As the data files we will use are buried deep in a data subdirectory on the NCGR server, it is a good idea to create an easily accessible symbolic link to their location. You have already seen the ln -s command in the Linux module, now we will use it to create a symbolic link called ‘data’. Rather than quitting R and running the command from Linux, which would lose all the work we have done so far, we can run a Linux command from within R using the system() function. (This works on Macintosh or Windows operating systems as well, though their commands would be different.)

if (!file.exists("data")) system("ln -s /home/data/single-cell-workshop/data-farmer-et-al/sNucRNA-seq_rep5/ data")

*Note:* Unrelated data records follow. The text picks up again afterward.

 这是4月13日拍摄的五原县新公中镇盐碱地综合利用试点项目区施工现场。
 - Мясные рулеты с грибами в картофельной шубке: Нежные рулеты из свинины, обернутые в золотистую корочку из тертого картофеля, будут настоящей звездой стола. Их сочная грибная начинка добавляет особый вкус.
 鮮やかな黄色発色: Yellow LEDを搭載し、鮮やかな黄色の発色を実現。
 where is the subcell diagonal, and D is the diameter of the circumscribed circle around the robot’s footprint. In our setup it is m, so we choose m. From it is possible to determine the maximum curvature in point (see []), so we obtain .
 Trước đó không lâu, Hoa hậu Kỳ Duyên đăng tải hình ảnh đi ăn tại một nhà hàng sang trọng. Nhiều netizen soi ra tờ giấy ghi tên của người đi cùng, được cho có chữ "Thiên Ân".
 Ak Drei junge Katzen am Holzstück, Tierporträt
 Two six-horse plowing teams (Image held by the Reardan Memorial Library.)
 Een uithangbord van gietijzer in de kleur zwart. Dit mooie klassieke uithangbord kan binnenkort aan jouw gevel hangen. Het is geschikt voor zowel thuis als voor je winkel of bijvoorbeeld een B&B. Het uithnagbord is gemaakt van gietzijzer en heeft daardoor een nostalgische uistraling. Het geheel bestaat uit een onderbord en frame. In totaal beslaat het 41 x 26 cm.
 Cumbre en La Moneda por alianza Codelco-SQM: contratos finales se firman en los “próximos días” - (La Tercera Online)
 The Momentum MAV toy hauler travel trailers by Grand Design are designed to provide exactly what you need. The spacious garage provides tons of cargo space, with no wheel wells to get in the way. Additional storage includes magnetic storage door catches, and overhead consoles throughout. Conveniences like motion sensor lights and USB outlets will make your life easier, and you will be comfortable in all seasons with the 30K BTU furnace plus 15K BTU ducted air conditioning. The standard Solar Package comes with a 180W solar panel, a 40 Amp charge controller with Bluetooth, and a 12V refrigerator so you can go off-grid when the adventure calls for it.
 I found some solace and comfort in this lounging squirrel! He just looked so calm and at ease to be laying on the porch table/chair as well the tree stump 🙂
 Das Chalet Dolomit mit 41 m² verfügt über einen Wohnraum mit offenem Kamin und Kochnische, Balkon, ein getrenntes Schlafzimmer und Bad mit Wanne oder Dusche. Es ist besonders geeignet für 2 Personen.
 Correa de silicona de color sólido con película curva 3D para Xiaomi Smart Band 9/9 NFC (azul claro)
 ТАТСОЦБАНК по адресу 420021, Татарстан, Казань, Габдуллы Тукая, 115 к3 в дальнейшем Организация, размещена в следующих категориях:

Exercise: How would you inspect the ‘data’ subdirectory contents?

Click for answer

list.files("data")

As you can see, it is far more convenient to type just ‘data’ than the full file path.

Now, import the data into a SingleCellExperiment called my_SCE.

my_SCE <- DropletUtils::read10xCounts("data/filtered_feature_bc_matrix/", col.names = TRUE, compressed = TRUE)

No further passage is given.